# tannis and driftwood



## tylersweeney22 (Jan 11, 2010)

how long does this proces take i like the driftwood but turns water broenish i have 2 med pieces


----------



## White Thunder (Jan 15, 2010)

you can soak them in a bucket....changing the water from time to time....or put one in the tank at a time letting the other soak......or let the filter work....


----------



## CrypticLifeStyle (Dec 14, 2009)

I had to "de-tain" a few months ago...Depending on the size of the wood you can boil the wood like i did. Takes a few hours but it's better then the let it soak method depending on your patience which could take awhile.
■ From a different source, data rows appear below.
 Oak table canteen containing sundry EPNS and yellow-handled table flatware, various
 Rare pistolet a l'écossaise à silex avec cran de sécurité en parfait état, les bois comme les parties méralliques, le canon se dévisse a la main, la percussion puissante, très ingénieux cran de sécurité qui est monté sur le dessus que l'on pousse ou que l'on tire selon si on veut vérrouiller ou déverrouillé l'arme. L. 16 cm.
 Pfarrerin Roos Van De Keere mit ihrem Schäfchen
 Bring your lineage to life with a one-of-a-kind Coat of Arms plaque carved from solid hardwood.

Just dump out the tan water each time the water tans up good and refill it up & repeat the process til it's not tanin the water anymore.


----------



## steelers fan (Jun 26, 2009)

boiling does work.

if not boiling and just put in the tank it takes a couple months from my experiance


----------



## Cento (Mar 30, 2005)

+1 on boiling...

However, depending on your own personal definition of "thorough", it'll take you quite some time. For me, a piece that was 3" dia. by 8" in length took about 12 hours of boiling (that is, an hour or so of boiling, empty, add fresh water, reboil, repeat) before I was satisfied.
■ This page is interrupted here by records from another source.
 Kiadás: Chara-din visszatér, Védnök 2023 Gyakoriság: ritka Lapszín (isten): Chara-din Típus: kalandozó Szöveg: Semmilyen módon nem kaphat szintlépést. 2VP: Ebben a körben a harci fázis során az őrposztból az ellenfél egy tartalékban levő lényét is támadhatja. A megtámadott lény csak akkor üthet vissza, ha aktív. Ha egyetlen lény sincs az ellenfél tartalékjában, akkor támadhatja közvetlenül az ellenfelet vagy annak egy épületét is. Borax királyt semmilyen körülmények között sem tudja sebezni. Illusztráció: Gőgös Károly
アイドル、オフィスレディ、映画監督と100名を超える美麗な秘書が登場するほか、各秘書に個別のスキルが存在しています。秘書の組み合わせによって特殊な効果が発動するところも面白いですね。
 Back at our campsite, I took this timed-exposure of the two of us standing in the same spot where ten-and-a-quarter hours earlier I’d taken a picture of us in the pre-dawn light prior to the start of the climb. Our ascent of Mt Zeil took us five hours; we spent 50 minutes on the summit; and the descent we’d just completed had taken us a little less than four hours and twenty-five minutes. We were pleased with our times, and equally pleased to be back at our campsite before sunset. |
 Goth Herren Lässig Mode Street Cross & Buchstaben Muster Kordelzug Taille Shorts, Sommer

The plus side is that there is little effort... The bad side is, that my wife complained that there was condensation on every window in the place..... :roll:


----------



## cichlify (Sep 1, 2009)

I usually just put it in my tank (after giving it a good wash of course). With my regular water changes the water has never got that bad, plus I kinda like the way the water looks!


----------



## codenametorch (Dec 27, 2009)

I've had a piece of driftwood in a tank continiously for almost a year and still have discoloration. It really just depends on the wood.


----------



## wheatbackdigger (May 11, 2008)

Boiling works, but I also use carbon in the filters. Seems to work for me


----------



## aussy612 (Jan 31, 2009)

You can toss them in the dishwasher on a power scrub mode with NO DETERGENT if they are too big to fit in your pot. Keep them in there for a while until the water is running a bit clearer.


----------



## aussy612 (Jan 31, 2009)

I also give all my driftwood a good pressurewashing before adding to my tanks.


----------



## cichlify (Sep 1, 2009)

aussy612 said:


> You can toss them in the dishwasher on a power scrub mode with NO DETERGENT if they are too big to fit in your pot. Keep them in there for a while until the water is running a bit clearer.
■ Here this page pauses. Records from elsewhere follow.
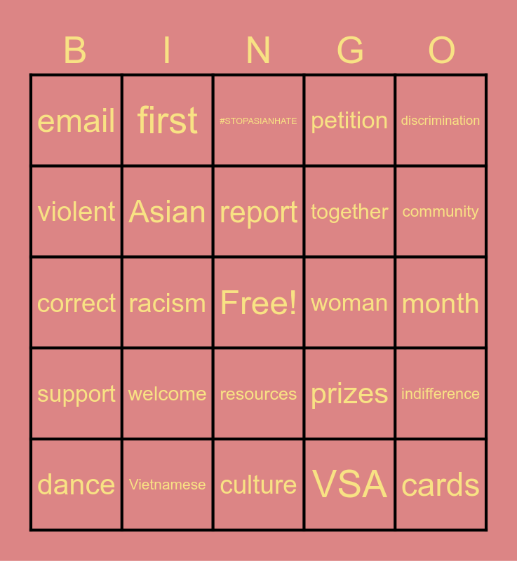 This bingo card has a free space and 24 words: welcome, Vietnamese, report, dance, discrimination, email, violent, first, woman, resources, together, correct, prizes, indifference, Asian, VSA, month, #STOPASIANHATE, community, racism, cards, support, petition and culture.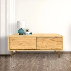 High-End Veneer Console Table with Sliding Door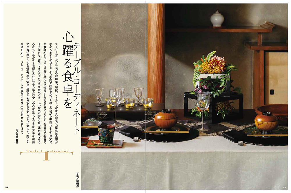 春号は、プロのセンスを散りばめた、すてきな「テーブル・コーディネート」のご紹介です。身近にある布や普段の器も、なかなか出番のない重箱などの漆器類も、ちょっとした工夫で見事に「心躍る食卓」に。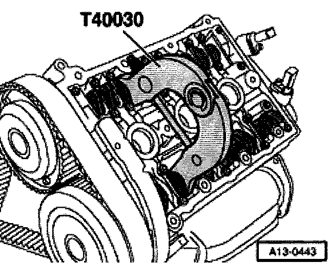 - T40030 camshaft adjuster gauge must be inserted at both cylinder heads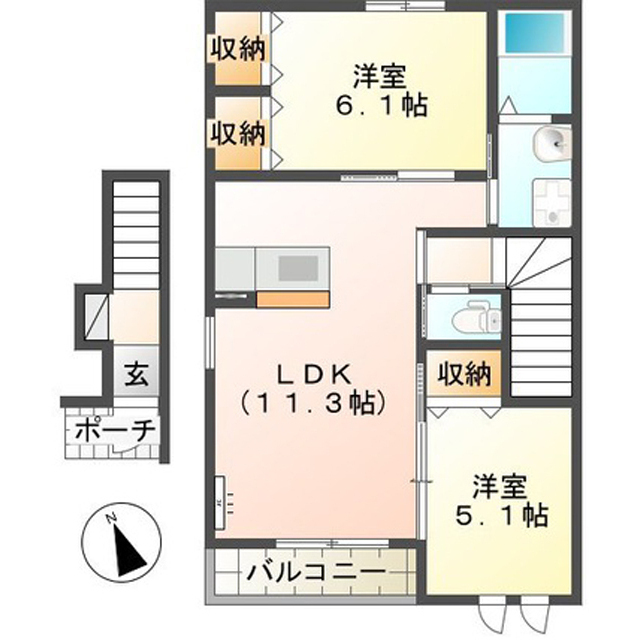 敷金・ 礼金 | 1.0ヶ月 / 0ヶ月 | 間取り | 2LDK |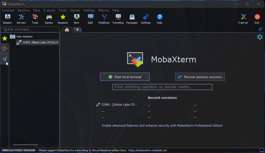 目前常用终端工具有Putty、SecureCRT、MobaXterm等,用户可根据自身使用习惯来选择。不同工具的端口配置流程基本类似,下面以MobaXterm为例,介绍新建SSH连接过程:

wow never thought of that! u ever have a problem with pieces of wood that happen to fall off, getting into the filter? Last thing I want is to break my dishwasher. My girlfriend will probably slaughter me.


----------



## DJRansome (Oct 29, 2005)

Yes, pieces of wood and rock (I do this with rock as well) can come loose and destroy the motor on the dishwasher. I do it anyway, LOL. No problems so far. :thumb:


----------



## afr..cichlids (Feb 16, 2010)

Of the water in a cichlid tank. As you migh know, tanins in bog wood, or driftwood softens water. Will this have an ill effect on the hardness of the water needed in a cich tank?


----------



## DJRansome (Oct 29, 2005)

Yes.


----------



## kriskm (Dec 1, 2009)

> As you migh know, tanins in bog wood, or driftwood softens water. Will this have an ill effect on the hardness of the water needed in a cich tank?


I've had some large pieces of bog wood that have been in tanks for years in my 125 gal cichlid tank, and they didn't have much effect on the water. But I did test to make sure everything was good. I add the homemade rift lake salt mix from this site, since my water is soft from the tap, and it works well.


----------



## ashilli48 (May 14, 2006)

I assume the dishwasher i being used by a bachelor? :lol:


----------



## DJRansome (Oct 29, 2005)

No it's surprisingly common to use the dishwasher, not gender specifc behavior, LOL.


----------



## cjacob316 (Dec 4, 2008)

if you use the dishwasher, make sure you don't have a rinse agent in there


----------



## ashilli48 (May 14, 2006)

hmmmmmm.......I even joke about using the dishwasher for this and the wife will......well......it won't be pretty.....


----------